Objectives: The purpose of this study was to evaluate the long-term effects of distal protection during percutaneous coronary intervention (PCI) for ST-segment elevation myocardial infarction (STEMI).
Background: The use of distal filter protection during primary PCI increases procedure complexity and may influence lesion treatment and stent implantation.
Methods: The STEMI patients were assigned to distal protection (DP) (n = 312) or conventional treatment (CT) (n = 314). Clinical follow-up was performed after 1, 6, and 15 months, and angiographic follow-up after 8 months. All target lesion revascularizations (TLRs) were clinically driven. We report the pre-specified end points of stent thrombosis according to the criteria of the Academic Research Consortium, TLR, and reinfarction after 15 months.

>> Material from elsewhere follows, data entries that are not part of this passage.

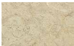
Perlato Svevo anticato
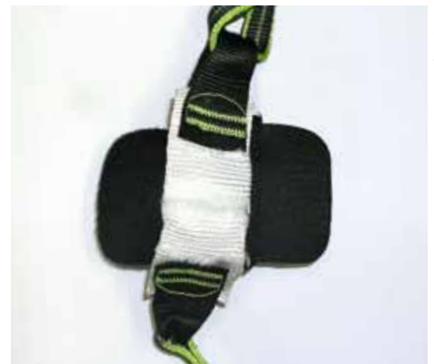
... aufgerissene Nähte bedeuten, dass das Set ausgemustert werden muss.
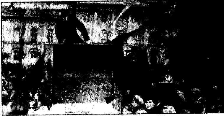
● ۱۹۲۰. پنجم مه، میدان سفردولف، لنین مشغول سخنرانی است، تروتسکی و کامنف در سمت راست تصویر، دیده می‌شوند.
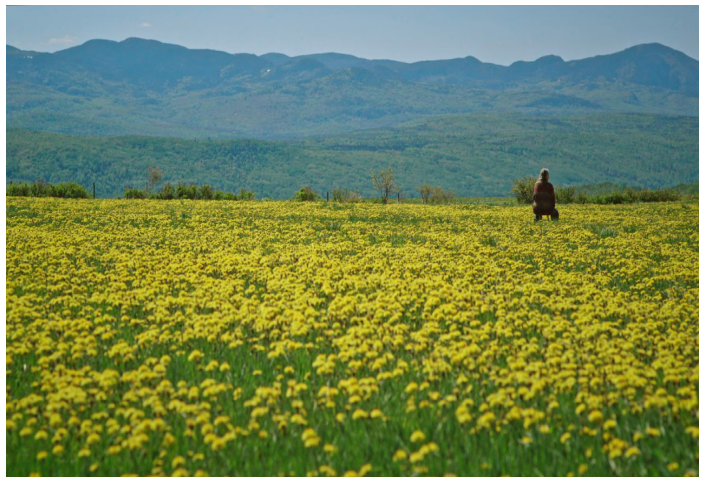
La fille du cratère de Danic Champoux & Nadine Beudet 2019, 76 minutes

Results: The total number of stent thrombosis was 11 in the DP group and 4 in the CT group (p = 0.06). The rate of definite stent thrombosis was significantly increased in the DP group as compared with the CT group, with 9 cases versus 1 (p = 0.01). Clinically driven TLRs (31 patients vs. 18 patients, p = 0.05) and clinically driven target vessel revascularizations (37 patients vs. 22 patients, p = 0.04) were more frequent in the DP group.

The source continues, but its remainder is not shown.